Colorful Mediterranean platter with homemade dips, crisp vegetables, olives, feta, and fresh flatbreads ideal for sharing.
# What You'll Need:
→ Dips
01 - 1 cup hummus, store-bought or homemade
02 - 1 cup tzatziki sauce, homemade
03 - 1 cup baba ganoush, homemade
04 - 1 cup roasted red pepper dip, store-bought or homemade
→ Fresh Vegetables
05 - 1 large cucumber, sliced into rounds
06 - 1 cup cherry tomatoes, halved
07 - 1 large bell pepper, sliced into strips
→ Add-Ons
08 - 1 cup assorted olives such as kalamata or green
09 - 1 cup feta cheese, crumbled
10 - 1 cup mixed nuts such as almonds, walnuts, or pistachios
→ Breads
11 - 6 assorted pita breads and flatbreads such as whole wheat or rosemary, cut into triangles or strips
→ Finishing Touches
12 - 2 tablespoons extra virgin olive oil
13 - Fresh herbs for garnish such as oregano or parsley
→ Hummus Ingredients
14 - 1 can (15 ounces) chickpeas, drained and rinsed
15 - 2 tablespoons tahini
16 - 3 tablespoons fresh lemon juice
17 - 2 cloves garlic
18 - 0.5 teaspoon salt
19 - Water as needed for consistency
→ Tzatziki Ingredients
20 - 1 cup Greek yogurt
21 - 1 medium cucumber, grated and well-drained
22 - 1 clove garlic, minced
23 - 1 tablespoon extra virgin olive oil
24 - 1 tablespoon fresh dill
25 - Salt to taste
→ Baba Ganoush Ingredients
26 - 1 medium eggplant
27 - 2 tablespoons tahini
28 - 2 tablespoons extra virgin olive oil
29 - 2 tablespoons fresh lemon juice
30 - Salt to taste
# How-To:
01 - Combine drained chickpeas, tahini, lemon juice, garlic, and salt in a food processor. Blend until smooth, adding water gradually to reach desired consistency.
02 - Mix Greek yogurt with grated and well-drained cucumber, minced garlic, olive oil, and fresh dill. Season with salt to taste and refrigerate for at least 1 hour.
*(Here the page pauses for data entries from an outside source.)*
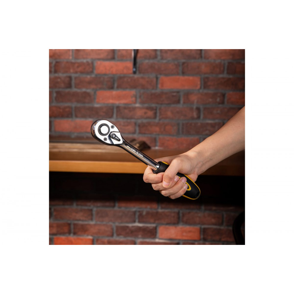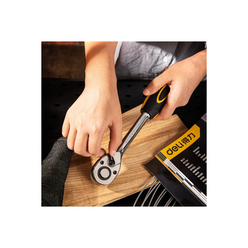 Трещотка Deli имеет длину 20 см и оснащена 45 зубьями, которые обеспечивают высокую скорость работы и удобство в использовании. Шестерня изготовлена из высококачественной Cr-Mo стали, что обеспечивает ее прочность и долговечность.Инструмент имеет эргономичную ручку, которая обеспечивает удобный захват и предотвращает выскальзывание из рук. Трещотка также имеет удобный механизм переключения, который позволяет легко переключаться между различными насадками.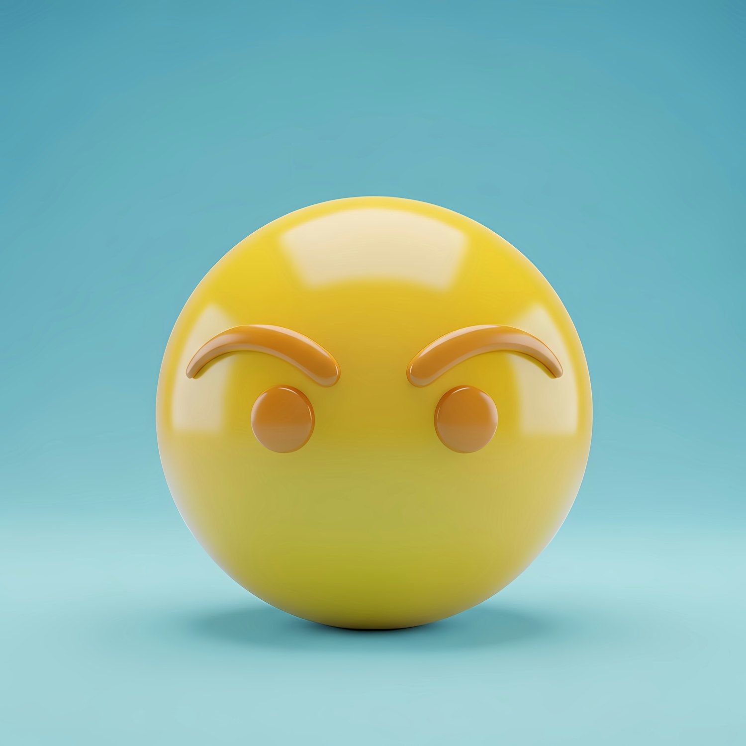 A 3D yellow emoji with raised eyebrows on a light blue background, perfect for expressing curiosity or skepticism.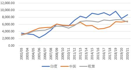 棕榈油贸易流下游主要是印度、中国及欧盟,2019/20市场年度进口量比值35:31:33,绝对值均有不同程度回落。印度方面,因与马来政治贸易摩擦因素,棕榈油2020年第一季度进口量降至冰点33.6万吨,而2019年同期进口量达80.2万吨。相应的,印度2020年4月油脂库存降至历史同期最低点91.5万吨,后期随着进口量的回升补库至11月的143.1万吨,但仍低于2019年的195.1万吨。2021年,印度棕榈油进口量预计有所恢复,主要基于以下两点原因:一是,印度自11月27日起,将毛棕榈油进口税率从此前的37.5%降至27.5%,也就是说从政府方面是鼓励棕榈油的进口的;二是,考虑到印度现在的油脂低库存,新冠若解封后印度存在更高的补库需求。而中国需求同比持平或略增,欧盟棕油食用需求可能受新的食品安全标准会面临下降。根据USDA预估,2020/21年度,全球棕榈油主要进口国进口量预计同比累计增加2.8%,增幅主要来自于印度和中国,分别为14%和3%,欧盟环比降8%。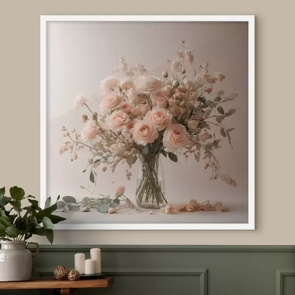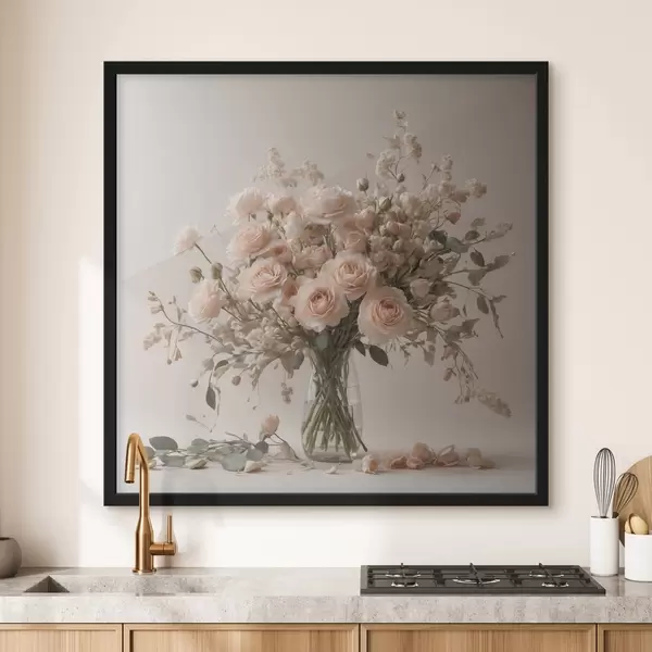 Poster Trandafiri albi în vază transparentă Nr f44451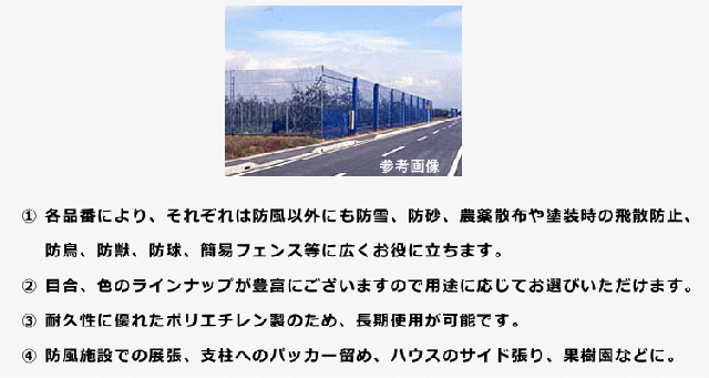 ・各品番により、それぞれは防風以外にも防雪、防砂、農薬散布や塗装時の飛散防止、防鳥、防獣、防球、簡易フェンス等に広くお役に立ちます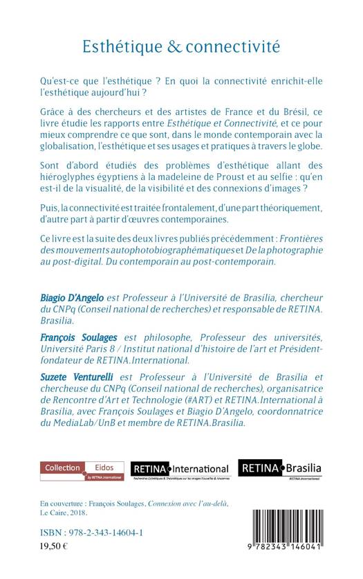 En quoi la connectivité enrichit-elle l'esthétique aujourd'hui ? Grâce à des chercheurs et des artistes de France et du Brésil, ce livre étudie les rapports entre Esthétique et Connectivité, et ce pour mieux comprendre ce que sont, dans le monde contemporain avec la globalisation, l'esthétique et ses usages et pratiques à travers le globe. Ce livre fait suite à « Frontières des mouvements autophotobiographématiques » et « De la photographie au post-digital. Du contemporain au post-contemporain ».

03 - Roast whole eggplant at 400°F for 30 to 35 minutes until flesh is soft. Scoop out flesh and blend with tahini, olive oil, and lemon juice until creamy. Season with salt.
04 - Spoon each prepared dip into separate bowls or ramekins for individual presentation.
05 - Position the bowls of dips strategically across a large serving board, leaving space between each for accompaniments.
06 - Neatly arrange sliced cucumber, halved cherry tomatoes, and bell pepper strips around the dips.
07 - Scatter crumbled feta cheese and assorted olives across the board in distributed sections.
08 - Fill designated areas of the board with mixed nuts to provide contrasting crunch.
09 - Position pita and flatbread triangles or strips around the perimeter of the platter for convenient dipping access.
10 - Drizzle the entire assembled platter lightly with olive oil and generously distribute fresh herbs as garnish.
11 - Present immediately while elements remain fresh and encourage guests to combine flavors according to preference.